## What you have to do
The entries below contain a stretch that opens with the line containing "Kapsuła posiada na" and closes with the line containing "в -2 - Injection-Reiniger"; set down that stretch exactly, both ends included, and nothing else.

***** Supplied records

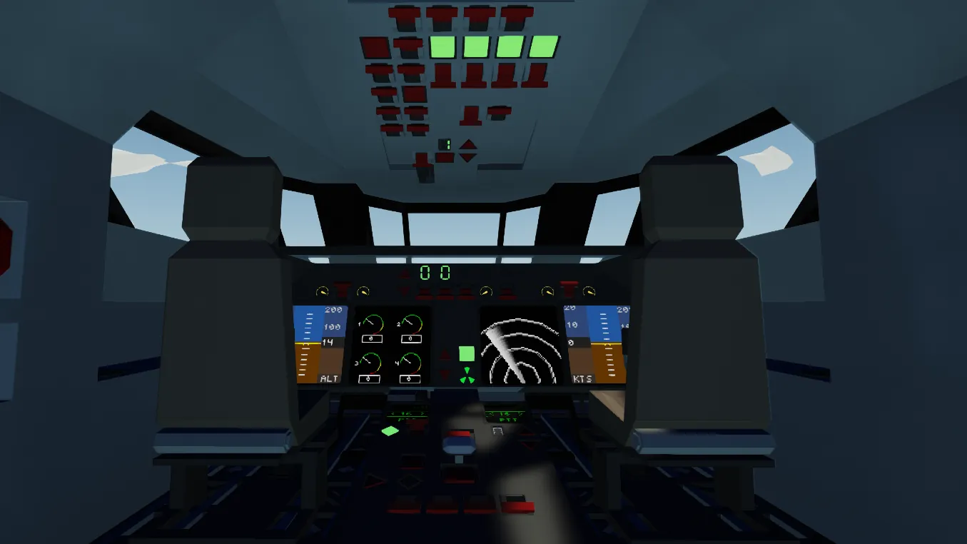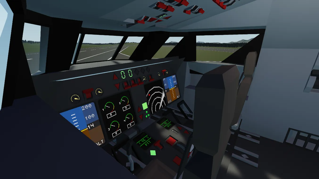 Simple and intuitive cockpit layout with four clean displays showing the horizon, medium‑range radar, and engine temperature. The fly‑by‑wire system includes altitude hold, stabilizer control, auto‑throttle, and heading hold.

**********
***** Supplied records

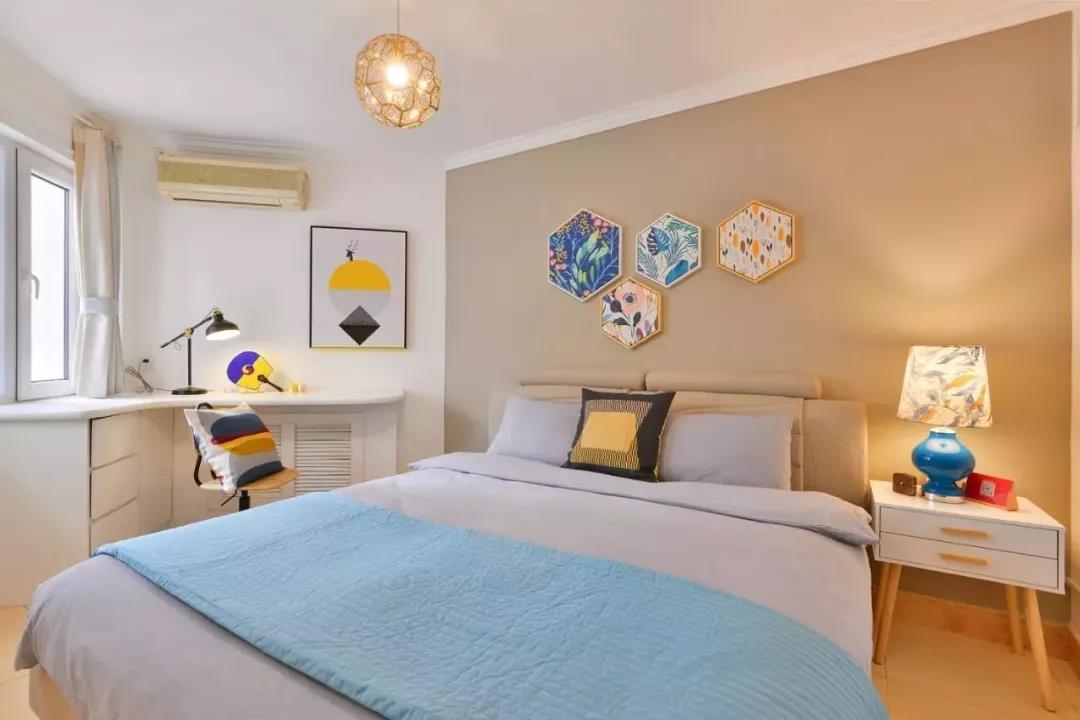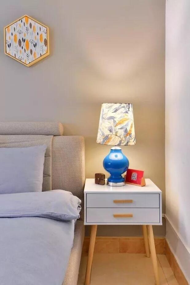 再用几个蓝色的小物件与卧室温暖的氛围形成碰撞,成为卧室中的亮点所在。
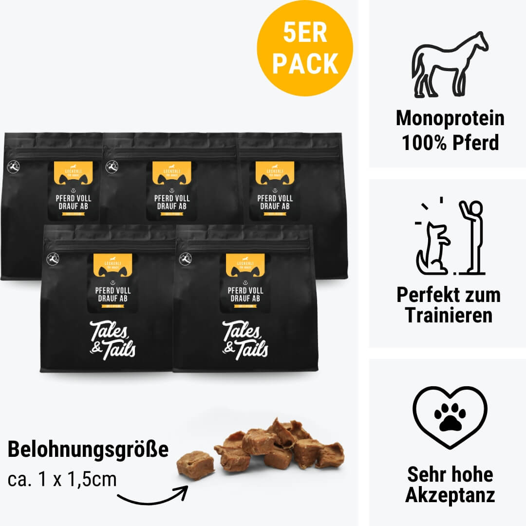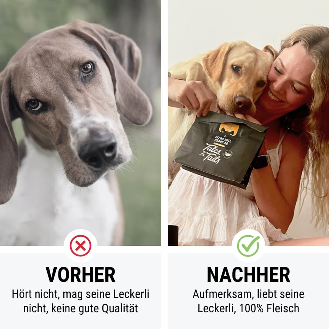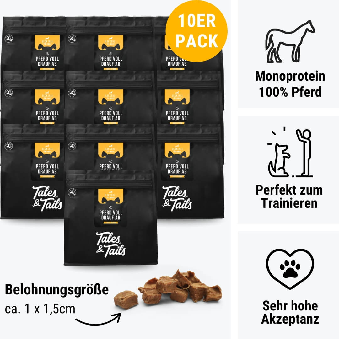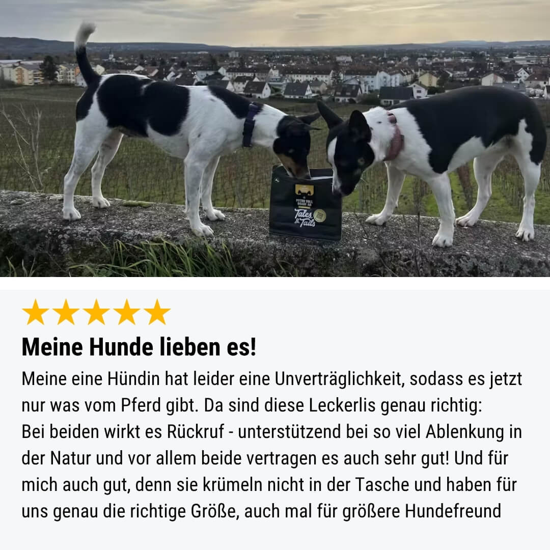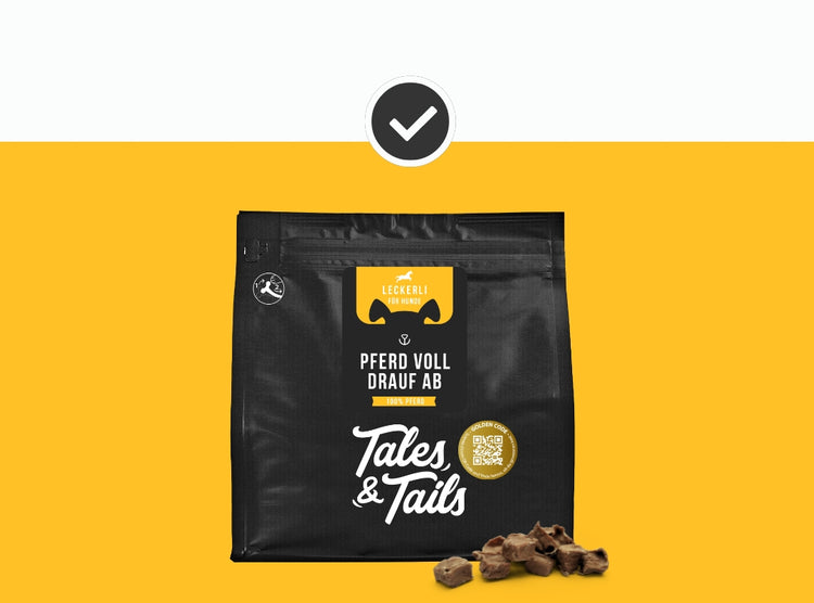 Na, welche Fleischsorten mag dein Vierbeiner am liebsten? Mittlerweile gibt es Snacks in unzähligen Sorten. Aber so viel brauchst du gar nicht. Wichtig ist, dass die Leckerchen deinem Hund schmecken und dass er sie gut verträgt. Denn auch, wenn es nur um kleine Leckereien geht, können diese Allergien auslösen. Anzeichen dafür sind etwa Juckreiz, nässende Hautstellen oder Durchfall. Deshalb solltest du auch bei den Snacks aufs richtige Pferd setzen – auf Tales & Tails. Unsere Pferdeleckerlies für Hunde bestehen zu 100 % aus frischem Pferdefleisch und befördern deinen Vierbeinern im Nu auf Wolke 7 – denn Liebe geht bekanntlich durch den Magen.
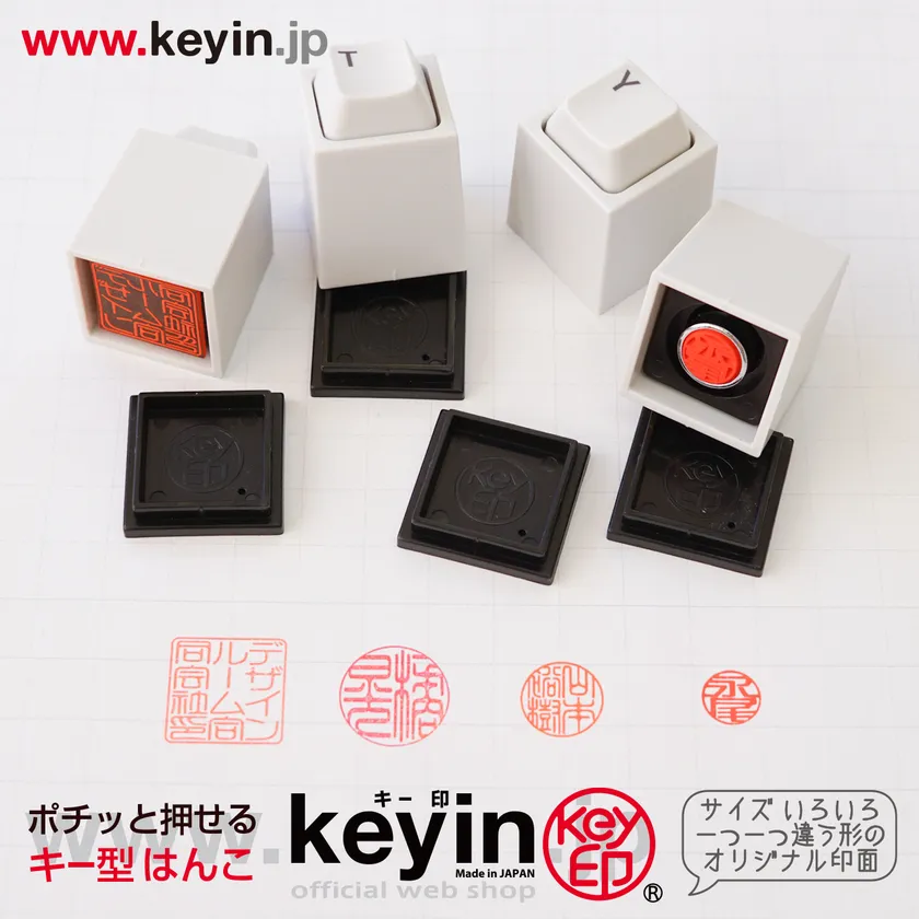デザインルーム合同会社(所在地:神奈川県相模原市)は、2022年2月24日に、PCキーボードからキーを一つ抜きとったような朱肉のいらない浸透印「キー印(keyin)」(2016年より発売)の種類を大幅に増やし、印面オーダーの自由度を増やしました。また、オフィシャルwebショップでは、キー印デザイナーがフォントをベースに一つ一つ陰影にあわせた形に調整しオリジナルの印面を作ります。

**********
***** Supplied records

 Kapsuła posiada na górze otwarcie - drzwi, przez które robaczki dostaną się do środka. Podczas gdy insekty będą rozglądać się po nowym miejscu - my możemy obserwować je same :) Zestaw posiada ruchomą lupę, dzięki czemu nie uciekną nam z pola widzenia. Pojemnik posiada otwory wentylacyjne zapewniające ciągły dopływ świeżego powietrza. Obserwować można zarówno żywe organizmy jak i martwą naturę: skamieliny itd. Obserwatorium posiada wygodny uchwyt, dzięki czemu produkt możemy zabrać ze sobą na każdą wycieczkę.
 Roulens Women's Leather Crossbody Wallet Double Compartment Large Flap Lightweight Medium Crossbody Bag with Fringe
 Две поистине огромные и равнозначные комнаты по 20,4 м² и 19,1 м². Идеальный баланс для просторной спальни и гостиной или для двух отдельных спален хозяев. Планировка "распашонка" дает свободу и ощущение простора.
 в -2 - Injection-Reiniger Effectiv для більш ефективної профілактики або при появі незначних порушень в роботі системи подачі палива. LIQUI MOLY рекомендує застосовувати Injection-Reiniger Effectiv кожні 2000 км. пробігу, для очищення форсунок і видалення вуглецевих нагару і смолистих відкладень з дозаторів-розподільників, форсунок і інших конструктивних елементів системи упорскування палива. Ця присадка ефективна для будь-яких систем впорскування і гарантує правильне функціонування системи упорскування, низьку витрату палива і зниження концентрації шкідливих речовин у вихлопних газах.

**********

## Solution
 Kapsuła posiada na górze otwarcie - drzwi, przez które robaczki dostaną się do środka. Podczas gdy insekty będą rozglądać się po nowym miejscu - my możemy obserwować je same :) Zestaw posiada ruchomą lupę, dzięki czemu nie uciekną nam z pola widzenia. Pojemnik posiada otwory wentylacyjne zapewniające ciągły dopływ świeżego powietrza. Obserwować można zarówno żywe organizmy jak i martwą naturę: skamieliny itd. Obserwatorium posiada wygodny uchwyt, dzięki czemu produkt możemy zabrać ze sobą na każdą wycieczkę.
 Roulens Women's Leather Crossbody Wallet Double Compartment Large Flap Lightweight Medium Crossbody Bag with Fringe
 Две поистине огромные и равнозначные комнаты по 20,4 м² и 19,1 м². Идеальный баланс для просторной спальни и гостиной или для двух отдельных спален хозяев. Планировка "распашонка" дает свободу и ощущение простора.
 в -2 - Injection-Reiniger Effectiv для більш ефективної профілактики або при появі незначних порушень в роботі системи подачі палива. LIQUI MOLY рекомендує застосовувати Injection-Reiniger Effectiv кожні 2000 км. пробігу, для очищення форсунок і видалення вуглецевих нагару і смолистих відкладень з дозаторів-розподільників, форсунок і інших конструктивних елементів системи упорскування палива. Ця присадка ефективна для будь-яких систем впорскування і гарантує правильне функціонування системи упорскування, низьку витрату палива і зниження концентрації шкідливих речовин у вихлопних газах.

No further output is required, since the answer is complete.